= Continuous Revolution Theory =

Element of Mao Zedong Thought

The Continuous Revolution Theory (继续革命论, sometimes also translated as the theory of continuing revolution under the dictatorship of the proletariat) is an element of Maoism. This is often subsumed under the subject of the Cultural Revolution.

==Overview==
The Continuous Revolution Theory is rooted in Mao's thoughts regarding the nature of contradiction. He argues that, since contradictions within society between revolutionary and reactionary elements can be expected to continue for a long time, it is necessary to work continuously toward the progressive fulfillment of the revolutionary program. As Mao has written:

"Every difference in men's concepts should be regarded as reflecting an objective contradiction. Objective contradictions are in subjective thinking, and this process constitutes the contradictory movement of concepts, pushes forward the development of thought, and ceaselessly solves problems in man's thinking."

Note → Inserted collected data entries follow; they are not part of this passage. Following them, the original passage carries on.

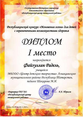 1 место в Республиканском конкурсе "Мгновения осени" для детей с ОВЗ (Фазуллин Р., Шакирова М.И.)
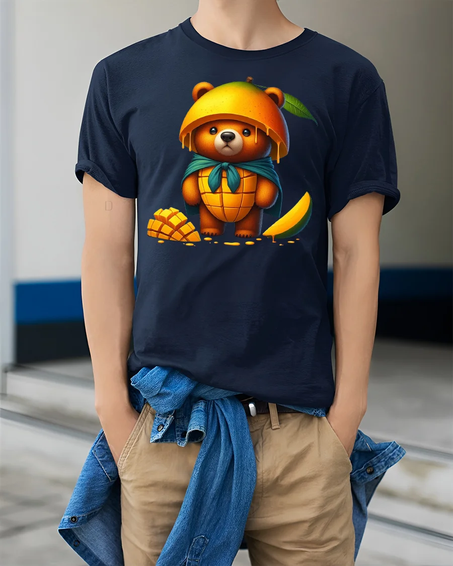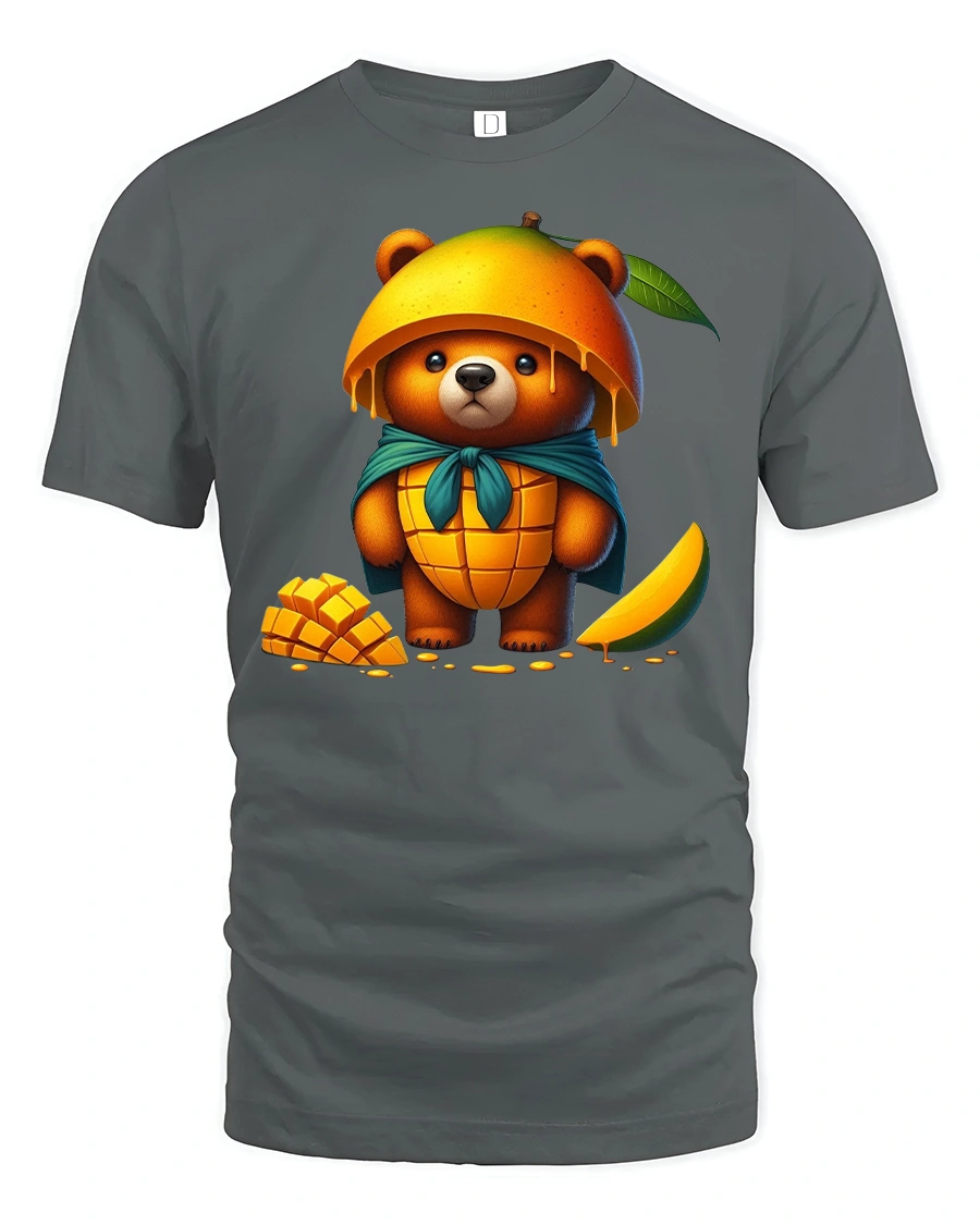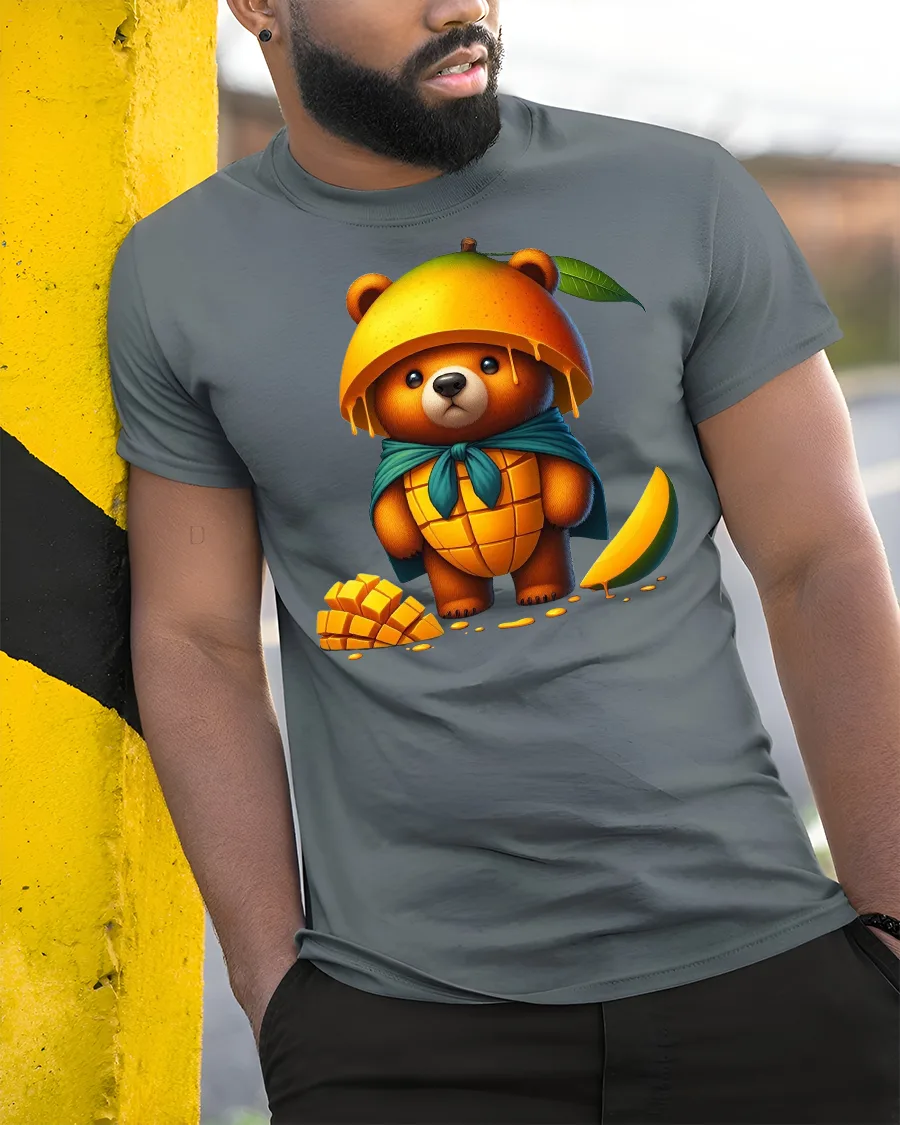 Featuring an adorable bear dressed as a juicy mango with dripping details and vibrant fruit accents, this graphic tee delivers instant smiles and cheerful energy.
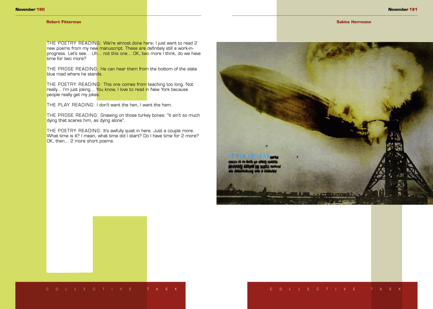 Conceived by Rob Fitterman, designed by Dirk Rowntree in 2010. Featuring: Tim Davis, Monica de la Torre, Stacy Doris, Rob Fitterman, Sabine Herrmann, Klaus Killisch, Carol Mirakove, Yedda Morrison, Kim Rosenfield, Lisa Sanditz, Rod Smith, Juliana Spahr. It represents our first printed collection and contains responses from cycle 1 with 230 pages. Browse here through online book.

The contention that contradiction is inherent to everything is thus taken to suggest that revolution must be continual if it is not to succumb to reactionary forces. The Continuous Revolution Theory is rooted in this fundamental insight regarding the nature of contradiction. It suggests that a revolution cannot really be "over" because contradictions will continue to develop, such that it is necessary to perpetually resolve emergent contradictions in favor of the revolutionary program while resisting the risk of sliding back into reaction. The Continuous Revolution Theory thus rejects any notion of a revolution that is once and for all, since it is impossible to remove contradiction per se from the fabric of nature. Starr makes it clear that contradiction is the central concept of the Continuous Revolution Theory in his discussion of the key themes of the theory:

"These themes are, first, that contradiction or conflict in a society is ubiquitous and permanent and that this condition applies just as surely to a society in the process of socialist transformation as it does to a bourgeois or feudal society."

==Relationship to the Cultural Revolution==
The Continuous Revolution Theory is closely related to but not identical with the Cultural Revolution. More specifically, it was the guiding ideology of the Cultural Revolution, with the latter thus being how the Chinese Communist Party (CCP) attempted to implement Continuous Revolution Theory. The Cultural Revolution was itself a result of Mao's perception, in 1966, that the CCP leadership itself had become corrupted:

"Believing that current Communist leaders were taking the party, and China itself, in the 	wrong direction, Mao called on the nation's youth to purge the 'impure' elements of 	Chinese society and revive the revolutionary spirit that had led to victory in the civil war 	20 years ago and the formation of the People's Republic of China."

==Historical evaluation==
Mao believed that revolutions can betray themselves and that the new ruling class that emerges in the aftermath of a revolution may itself need to be challenged through a process of continuous revolution. However, the Cultural Revolution that was driven by the Continuous Revolution Theory was marked by atrocities and may not always be interpreted as serving truly revolutionary ends. After the death of Mao and the arrest of the Gang of Four, the CCP has lost interest in continuous revolution. The outcome of the Cultural Revolution raises questions about whether the Continuous Revolution Theory is actually practicable.

== 1975 Chinese Constitution ==
The Continuous Revolution Theory is mentioned in the preamble of the 1975 Chinese constitution, which replaced the 1954 constitution and was written in the spirit of the Cultural Revolution.